I wasn’t keen on Sarah risking a slip on the wet boat. Not only that, who would look after the baby?
Lining up the Sunfury, I gave it a little squirt ahead and knocked both engines into neutral.

I climbed out (remembering the boathook), shuffled along the deck and looked around desperately for the inflatable.

It should be making its way back towards the starboard bow, but it wasn’t. Instead it was rapidly moving aft towards the sterndrives!

I scrabbled back into the cockpit and as I entered, the boat lurched, swung aft to stream (and to wind!) and stuck there.

Peering aft, the inflatable was to starboard, its bow almost underwater with the painter bar tight. I trimmed the legs right up. The boat didn’t move but now there was a lot of splashing from the stern.

A closer look revealed the reason I had so badly misjudged my manoeuvre. In the haste to exit the cockpit originally, I’d left the starboard engine going ahead! Now in neutral, I checked the damage.

We had run over the painter which was now jammed between the transom shield and the legs, and it wasn’t going anywhere in a hurry.

A myriad of thoughts rushed through my head.

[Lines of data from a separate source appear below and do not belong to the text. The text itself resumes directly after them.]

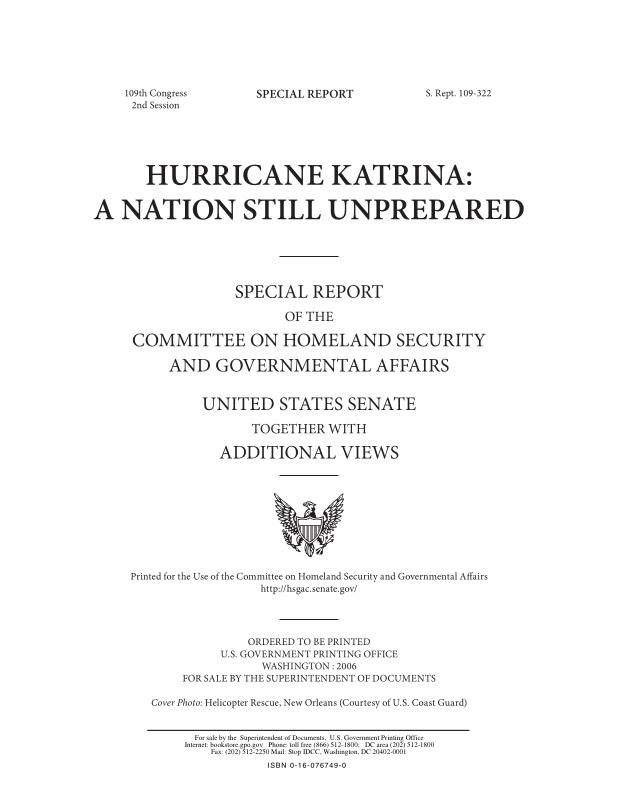 dropbox/COLLECTION- Research/Katrina Batch 2/katrina homeland security response/S. Rept. 109-322 -- Hurricane Katrina_ A Nation Still Unprepared.pdf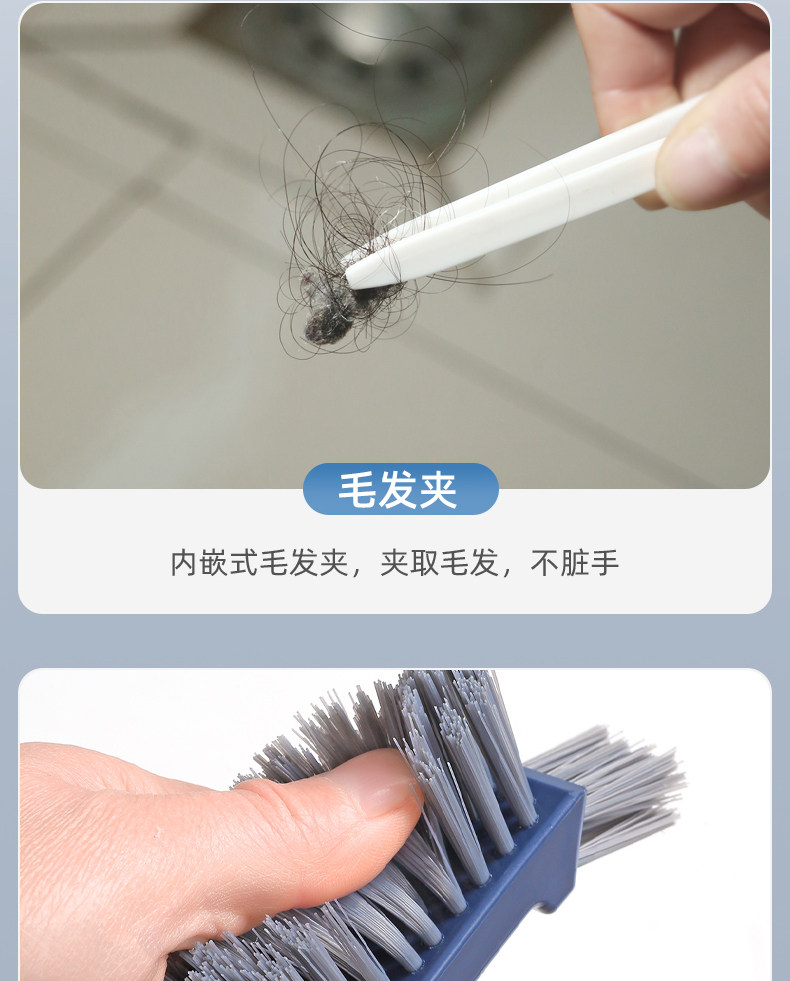 三合一缝隙刷卫生间地缝刷地板洗墙角浴室长柄硬毛无死角清洁刷子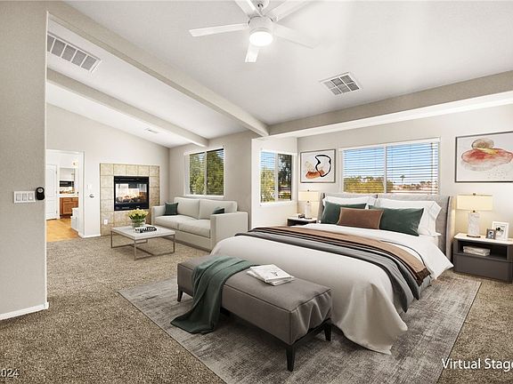 Welcome to this exceptional move-in ready property located in the heart of Las Vegas, Nevada. This charming residence boasts a spacious layout with 5 bedrooms, 3 full bathrooms & approximately 4,429sqft of comfortable living space.The open-concept design allows for plenty of natural light, enhancing the warm, inviting atmosphere throughout the home.The kitchen features appliances & ample counter space, perfect for casual dining or entertaining guests.The master suite is a true retreat, complete with a cozy fireplace & private balcony, offering a perfect space to unwind & enjoy views of the surrounding area.The backyard provides a private oasis with low-maintenance landscaping, ideal for relaxing.Situated in a gated neighborhood, the home is conveniently located near schools, shopping, dining & easy freeway access. With its blend of comfort, style & convenience, this property is the perfect place to call home in vibrant Las Vegas!

Were we going to be stuck like this all night? Should we wait the three hours for slack water at high tide? The only thing certain was I wasn’t getting any sleep soon.

Sheepishly, I explained to Sarah that things “hadn’t gone well” and asked her to lend me a hand.
After some lengthy deliberation, Sarah positioned herself at the helm while I lay on the swim platform in the rain (again).

Clipping a davit line onto the inflatable, I gingerly cut the painter while yelling to Sarah to trim the legs down to a usable position.

With painter cut, the inflatable shot out of the starboard side, the buoy from the port side, and we were free! Except, I now had about five seconds to run back to the cockpit, get the helm over and apply drive to avoid clouting the delicate yacht moored next to us.

It worked. We got the boat turned, didn’t hit anything, and are back head to stream.

With now just a buoy to aim at, trailing mooring lines, and half an inflatable painter attached, I inched the boat up towards the buoy. Sarah deftly climbed through the forward hatch (boathook in hand) and easily hooked the Sunfury on.

Relieved, soaked to the skin, but safely tied up, we collapsed into bed and slept like Richard had done through the whole thing!

The author of every confession we print wins the original Stephen Shaw cartoon artwork (above) and an Icom IC-M23 Buoyant VHF Marine Transceiver handheld VHF radio worth £165.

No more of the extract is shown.